_Task goal_: The lines in the listing below are to be given again exactly, starting at the line holding "Tylko teraz -30%" and ending at the line holding "Forget about expensive". Do not include pictures.

Data supplied START

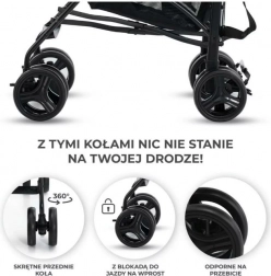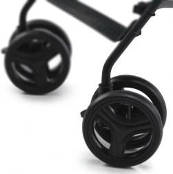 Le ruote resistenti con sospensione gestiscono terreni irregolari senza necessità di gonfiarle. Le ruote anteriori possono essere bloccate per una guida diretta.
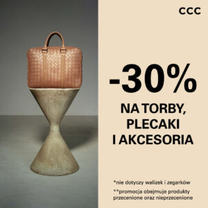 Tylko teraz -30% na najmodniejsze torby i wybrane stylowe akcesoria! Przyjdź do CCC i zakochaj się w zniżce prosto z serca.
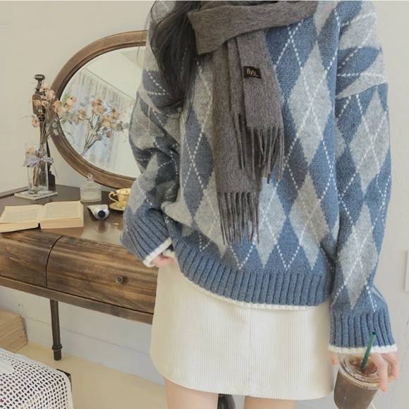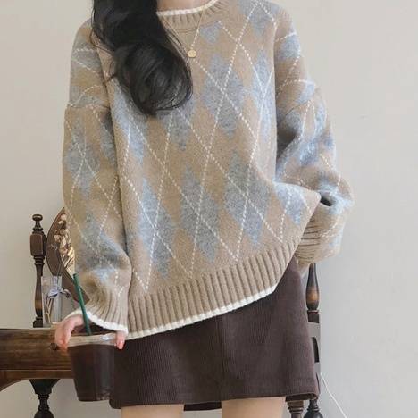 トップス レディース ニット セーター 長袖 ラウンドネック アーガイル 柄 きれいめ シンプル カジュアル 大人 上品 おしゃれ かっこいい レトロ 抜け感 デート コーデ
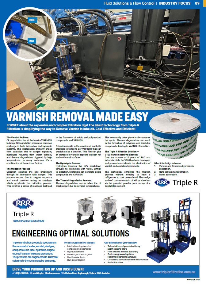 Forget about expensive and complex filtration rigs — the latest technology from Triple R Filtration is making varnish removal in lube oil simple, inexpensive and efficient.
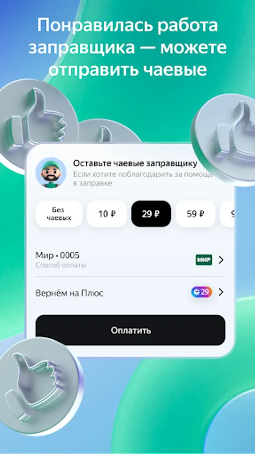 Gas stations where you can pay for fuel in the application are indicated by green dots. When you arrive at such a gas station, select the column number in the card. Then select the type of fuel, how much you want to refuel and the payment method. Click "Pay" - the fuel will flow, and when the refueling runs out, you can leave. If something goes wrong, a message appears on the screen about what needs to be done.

Data supplied END
Data supplied START

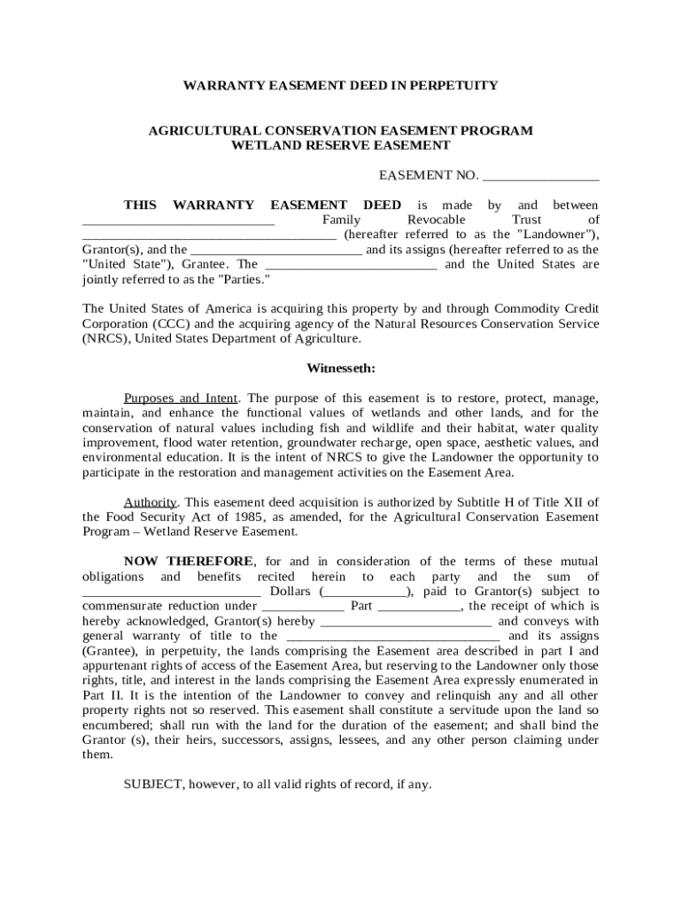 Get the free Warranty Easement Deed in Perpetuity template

Data supplied END

_Response for this exercise_:
 Tylko teraz -30% na najmodniejsze torby i wybrane stylowe akcesoria! Przyjdź do CCC i zakochaj się w zniżce prosto z serca.
 トップス レディース ニット セーター 長袖 ラウンドネック アーガイル 柄 きれいめ シンプル カジュアル 大人 上品 おしゃれ かっこいい レトロ 抜け感 デート コーデ
 Forget about expensive and complex filtration rigs — the latest technology from Triple R Filtration is making varnish removal in lube oil simple, inexpensive and efficient.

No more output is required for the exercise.